Isn’t it funny how our minds work?
How we remember things suddenly and all at once?
Memories are tricky little things.
They hide away in the deep corners of our brains, untouched, covered by spider webs that we want to avoid.
They have 8 legs and some are poisonous.
When we unravel the memories from their corner and wipe away the spider webs, the spider could either be there or not be there.
The spider could either be poisonous or not be poisonous.
The spider could bite you or it could not bite you.
My spider bit me.
But I’m not quite sure if It’s poisonous yet.
At first I felt sick.
The little dots on my skin, indicating my bite got bigger and bigger as time went by.
I tried to wipe the swelling away.
I tried to wipe the bite away.
The sting of the rubbing alcohol didn’t do much but cause irritation and a painful sting of emotions and feelings that I so badly wanted to get rid of.
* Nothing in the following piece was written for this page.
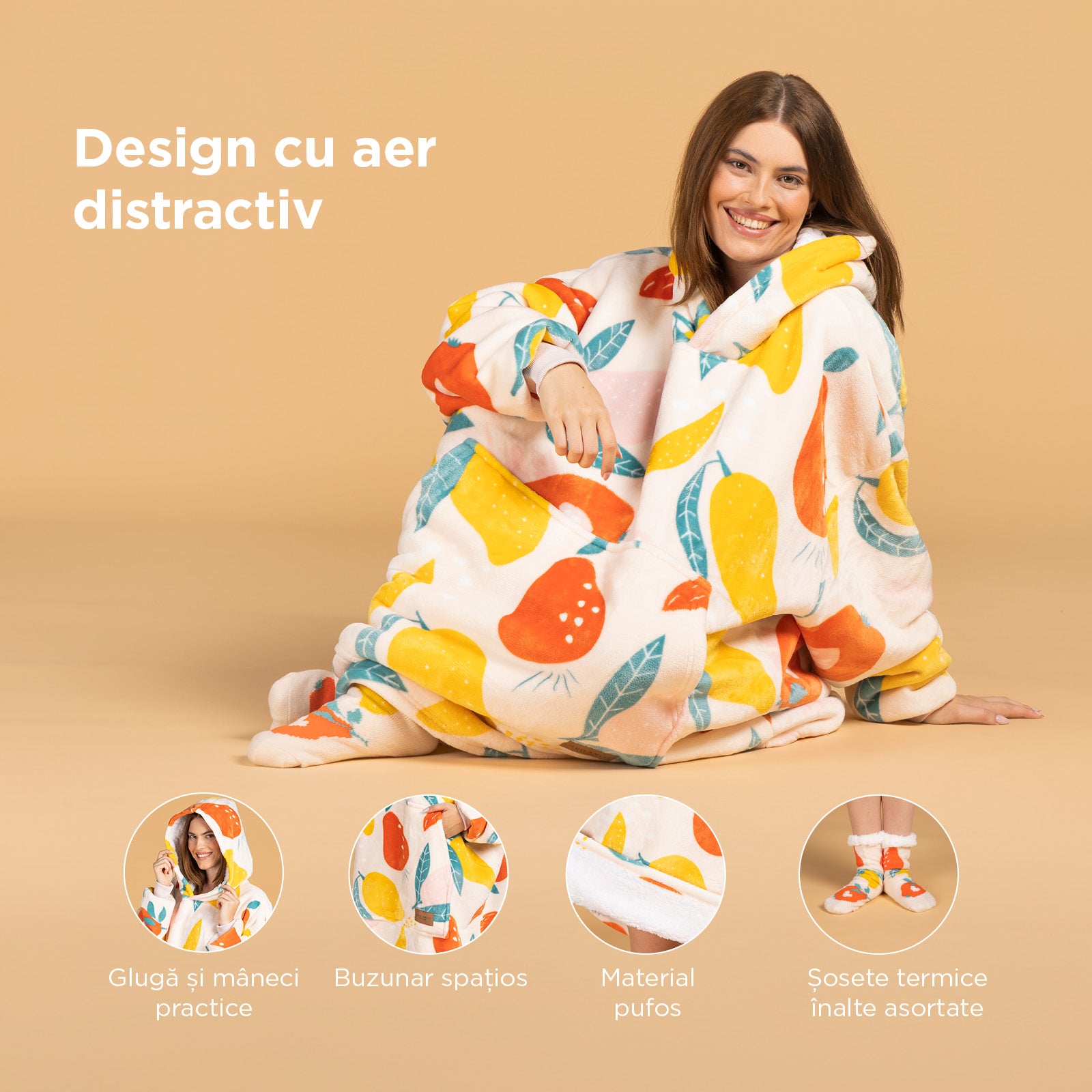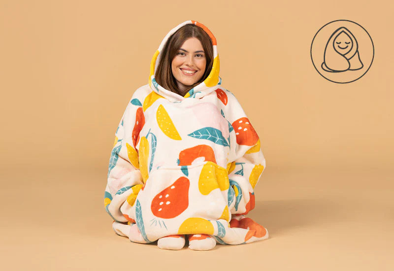 Pătura hanorac este un cadou extrem de practic pentru tine, pentru cei dragi, pentru cupluri, pentru familie sau pentru prieteni. Având o mărime universală și fiind realizată fără substanțe chimice nocive (certificat OEKO-TEX Standard 100), este potrivită pentru oricine, inclusiv pentru cei cu pielea sensibilă.
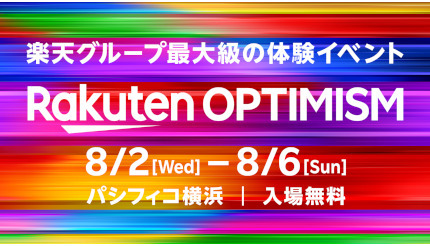 楽天グループは8月2日~6日の期間、同グループ最大級の体験イベント「Rakuten Optimism 2023」を、パシフィコ横浜(神奈川県横浜市)にて開催する。入場は無料。

As the minutes went by, the air gave me a calm and cool sensation
And, it almost made me feel better.
The bite on my skin radiates me.
The first thing people see on my face.
“Are you okay?”
” what’s the matter with you?”
And I can’t tell them.
It’s MY problem.
Not so much yours.
It’s my anger.
Not so much yours.
So if you see me in the street
And a tear slides down my face,
Don’t assume I’m not okay
My spider bite just hurts.
My memories took a hold of me and I could t avoid the spider
It was hidden in the web that sneakily snuck into my t-shirt.
Don’t ask me if I’m okay.
It’s something I have to deal with
That I don’t really want you to know.
I just want to hold it in and deal with it by myself
Because what can you do about my spider bite?
Can you get rid of it?
The answer is no.
I wish it was different… So much.
My memories take hold of my hand and walk me down memory lane where I’m with myself and them.
Truth is, I remember everything.
That might just be my biggest demise.